Seriously, how many people are going to do $75K in 1x spending so they can get IHG Diamond or Southwest A-List?
Anyone?
Usually banks can take a hit on one product if it means cross selling to other profitable products. Unfortunately, credit cards are not one that has cross sell success.
@Thing 1 — You’re so right. At least Gary allows us to criticize; meanwhile, those shills at TPG haven’t allowed comments for years and years. I’m still a fan of VFTW for this reason. And for the sense of ‘community’ *wink* So, yeah, he’s still a ‘thought leader’ to me. Bah!
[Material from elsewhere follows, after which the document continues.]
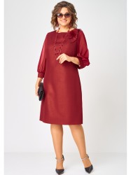 Декором платья служит декоративный пришивной элемент со съемной брошью.

I am in no way incentivized to spend 75K on a premium card just to get A list on southwest. Anyone spending that kind of money is flying a premium airline not a budget airline that doesnt offer first class nor lounges. This partnership smells like a desperate attempt to help out southwest given the recent changes their activist investor has made and chase trying to recuperate the loss of people cancelling their southwest cards as a result of said changes.
Chase Sapphire Reserve created value for me because I was able to get 3X points for expensive cruise bookings. Now that goes away, and not a single article has mentioned this. Just one cruise costs more than all my annual flights combined. And 90% of my hotel stays are on points or certificates.